Improving engagement and emotional commitment means leaders and employees need to change “how” they connect and “what” they do. Since engagement is an emotional connection, leaders and employees need to look at how well they encourage and create emotional connections.
Leadership vulnerability is an emotional connection and an asset to any team. According to author Susan Robertson, in her book REAL Leadership: Waken to Wisdom, vulnerability takes courage and strength. Some believe that being vulnerable means exposing one’s weakness, therefore leaving you open to being attacked. But being vulnerable also means being open and expressing oneself emotionally, authentically, and truthfully. When leaders are vulnerable and human, they engender trust.
Vulnerability allows people to relate and connect. to one another. This is a leadership skill, not a weakness. When people on teams and in organizations trust each other, they create the foundation for high performance.
In the January-February 2017 print edition of the Harvard Business Review, neuroeconomist Paul J. Zak puts forth his team’s decades-long research into how humans build trust. In the article, “The Neuroscience of Trust,” Zak explains that “when an individual asks for help, the oxytocin levels of the person receiving the request increases. (Oxytocin is a brain chemical that is associated with, among other things, social bonding.) In other words, when a person demonstrates vulnerability, others are socially inclined to assist.”
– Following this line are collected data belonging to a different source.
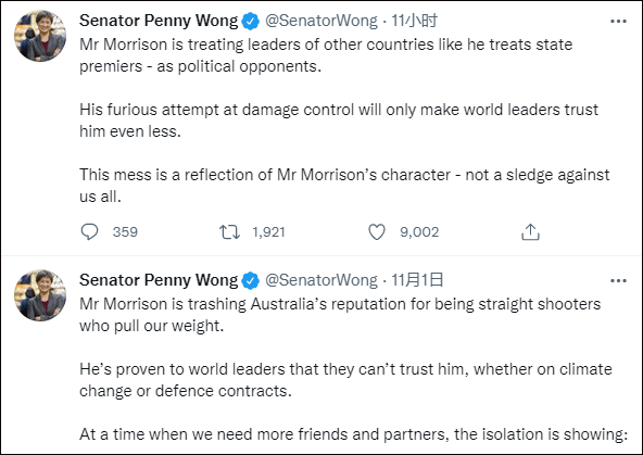 11月1日,澳参议院工党领袖兼反对党领袖、影子内阁外交部长黄英贤(Penny Wong,华裔澳大利亚人)连发多条推文,表示莫里森已经证明自己并不值得被信任。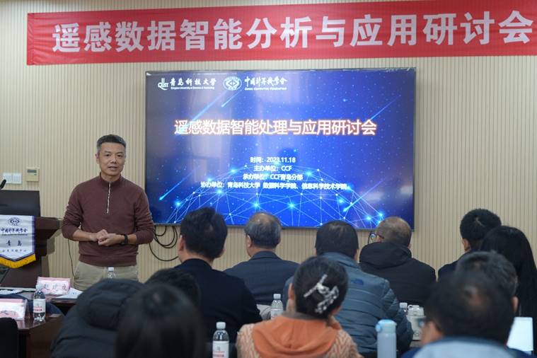 随后,CCF青岛分部主席赵建立教授进行了致辞。他指出,随着空间探测技术的快速发展,遥感科学无论在教育教学领域还是在产学研融合当中,其地位和价值日渐凸显,如何将其与大数据、人工智能技术有效融合,实现海量遥感数据的智能化处理和分析,为地球科学研究和应用提供更为精准、高效的支持,是我们需要重视的问题。同时,他还强调了CCF在遥感领域发展中的重要作用和责任。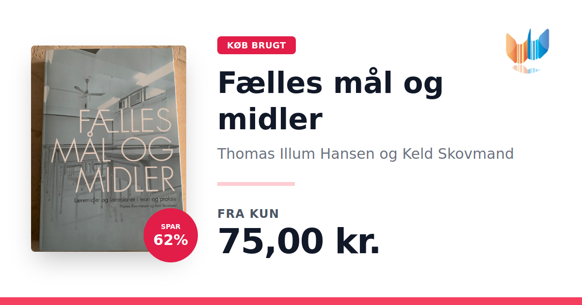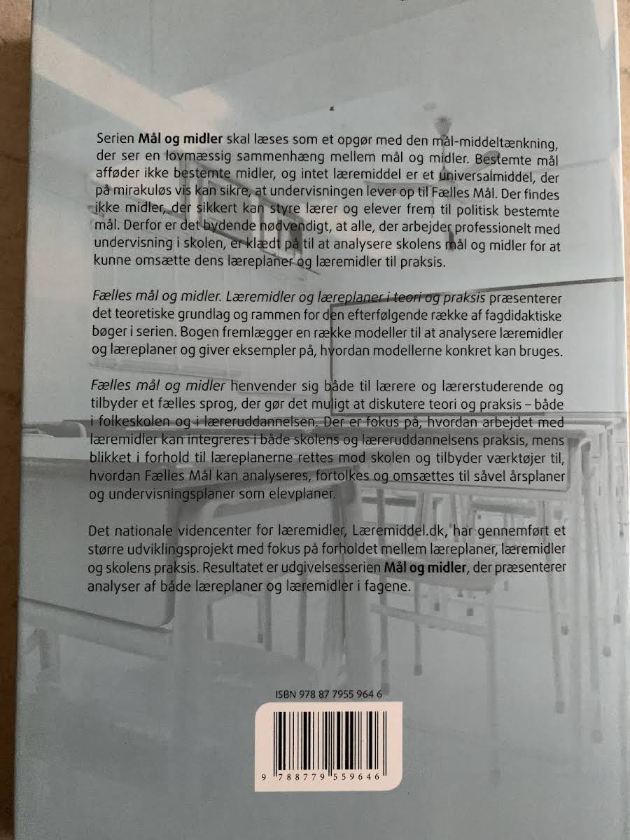 Fælles mål og midler – læremidler og læreplaner i teori og praksis af Thomas Illum Hansen og Keld Skovmand tilbyder et solidt teoretisk fundament, der inviterer både lærere og lærerstuderende til en dybdegående undersøgelse af forholdet mellem mål og midler i undervisningen. Bogen udfolder en række modeller, der gør det muligt at analysere og fortolke både læremidler og læreplaner ud fra konkrete eksempler. Med fokus på, hvordan teoretiske overvejelser kan omsættes til praksis, fremhæves nødvendigheden af at have et fælles sprog til diskussion af pædagogiske mål og metoder. Ved at belyse, at bestemte mål ikke nødvendigvis afføder bestemte midler, rummer bogen redskaber til kritisk refleksion, der kan bidrage til en mere nuanceret tilgang til både undervisning og planlægning. Dette værk er en væsentlig ressource for alle, der søger at forstå og udvikle samspillet mellem pædagogiske intentioner og praktiske metoder i skolen, og det understøtter en vedvarende debat om, hvordan Fælles Mål omsættes til konkrete læringsforløb.

Far from being a sign of leadership weakness, expressing uncertainty or requesting assistance (in moderate doses) builds camaraderie. “Asking for help is the sign of a secure leader– one who engages everyone to reach goals,” writes Zak. This also applies to the individual employee.
Author Harvey Deutschendorf who wrote the article 7 Reasons Being Vulnerable Makes Better Leaders, December 12, 2017 said there are 7 reasons that vulnerability is an attribute in leaders.
- Vulnerable behavior
- Decreases Tension and Stress at Work
- Increases Flow of Ideas, Creativity, and Innovation
- Promotes better Communication Flow
- Problems are Identified Earlier
- Better Teamwork and Cooperation
- It Creates a Fun Workplace and
- Emotional Connections Leads to Less Turnover
So how do you do it?
Here are 4 Tips on becoming a Vulnerable Culture:
Tip 1 Make a Choice to be Courageous by admitting when you are wrong and own your mistakes. By demonstrating these behaviors a leader tells the team it is ok to also admit when they are wrong and to own their mistakes.
Tip 2 Express Yourself by seeking help, apologizing, and acknowledging you don’t have the answers. These are all expressions of vulnerability.
Tip 3 Take Care of Yourself by paying attention to your feelings. “Know what is a ‘good fight’ and be able to do what is right, not what is easy or quick. You may ask yourself; ‘Am I doing this right?’ Anxiety can get the best of us: Pause, breathe and take time to understand your true self so you can be yourself in every moment.” (Manickam, D (2020, May 14).
And Tip 4 Fail Well by using failure as a teaching opportunity. “A culture that embraces failure promotes ongoing feedback, open communication channels, and good listening skills. This way, employees feel able to approach their leaders before a minor mistake leads to a major disaster.” (Macintosh, L (2016,February 17).
Deutschendorf, H (2017, December 12). 7 reasons being vulnerable makes better leaders.
Macintosh, L (2016, February 17). Embrace failure for organizational success. SHRM.
Manickam, D (2020, May 14). Building a vulnerable team culture as a leader. Forbes Business Council.
Robertson, S (2019). Real leadership: Waken to wisdom. The Books Factory.
Zak, P, (2017, January-February). The Neuroscience of Trust. Harvard Business Review.